If a client comes in wondering how to deal with their children fighting or misbehaving, or if a teenager needs help dealing with sibling rivalry issues, my father is definitely not lacking in anecdotes. The other day I heard sibling defined as "your best friend and worst enemy rolled into one" and I've got to say that's pretty accurate. Lance, Logan, Cole and I are all pretty tight now but when we were growing up we definitely had our moments. A lot of them.

There was the time Logan got mad at Lance and I while we were babysitting the younger ones and yelled "Help! Call child protective services!" out the window in retaliation. That could have been bad.

There was the time I watched with unadulterated glee as Lance pushed one too many of mom's buttons on the way to school. She pulled the van to the side of the road, pointed at the door and commanded him to get out, then threw his backpack out after him, sending papers and books flying everywhere, and drove off as he stared at the receding minivan in utter shock.

There was the time when I was really unhappy about not being the only child anymore, and so I expressed my displeasure by writing all over the carpet with lipstick while Mom was feeding the baby.

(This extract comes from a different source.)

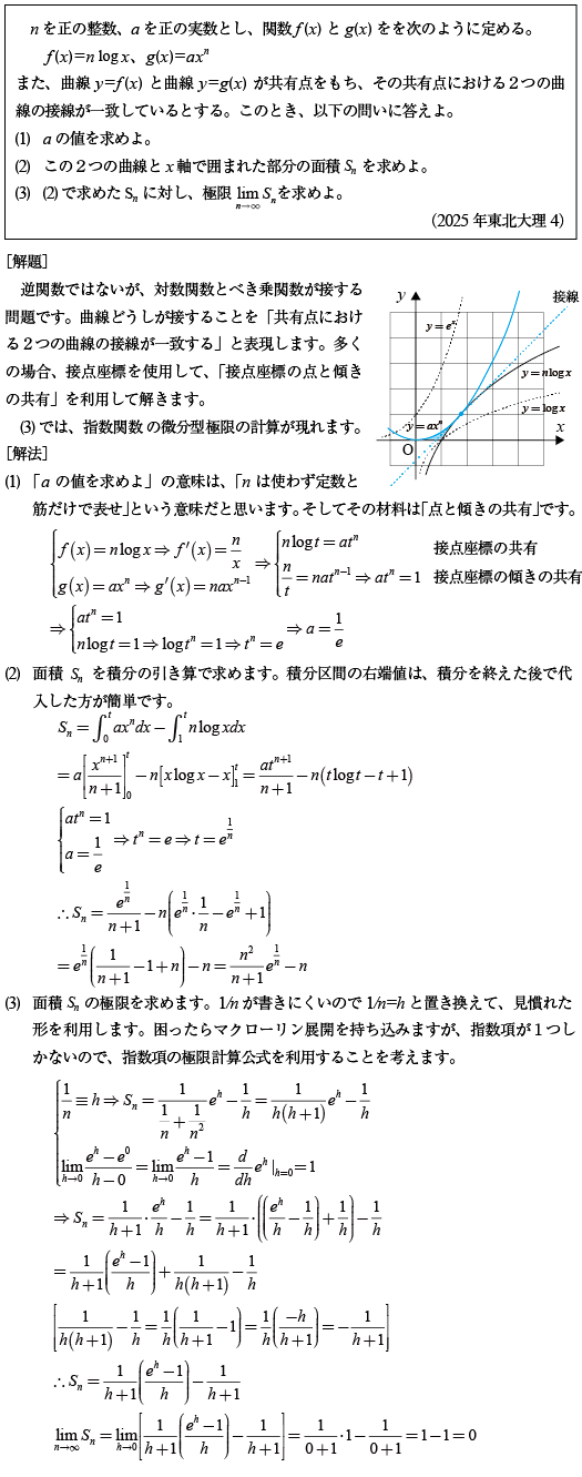[C]相接する対数関数とべき乗関数が囲む領域の面積の問題

There was all the times we were fighting and my parents made us sit on the couch and hold hands. It was a pretty effective method of punishment, because you can only try as hard as you possibly can to crush each others' hands for so long before you give up and start laughing instead.

And yet through all the tears and yelling and slamming doors and occasional punches thrown, we all turned out alright in the end. We made have made Mom cry a few times, wondering if various pairings of siblings would hate each other forever, but now we stay in close contact despite living in four different cities. Logan and Cole bonded over being on the tennis team together in high school. Lance had Logan over for pancake nights when they were both at BYU. And Lance and I may have had some pretty epic fights growing up, but I was the one who he took when he went engagement ring shopping and I was the first person in the family he called when he found out the gender of his baby.

Freud would probably say that's pretty messed up. I say that's family for you.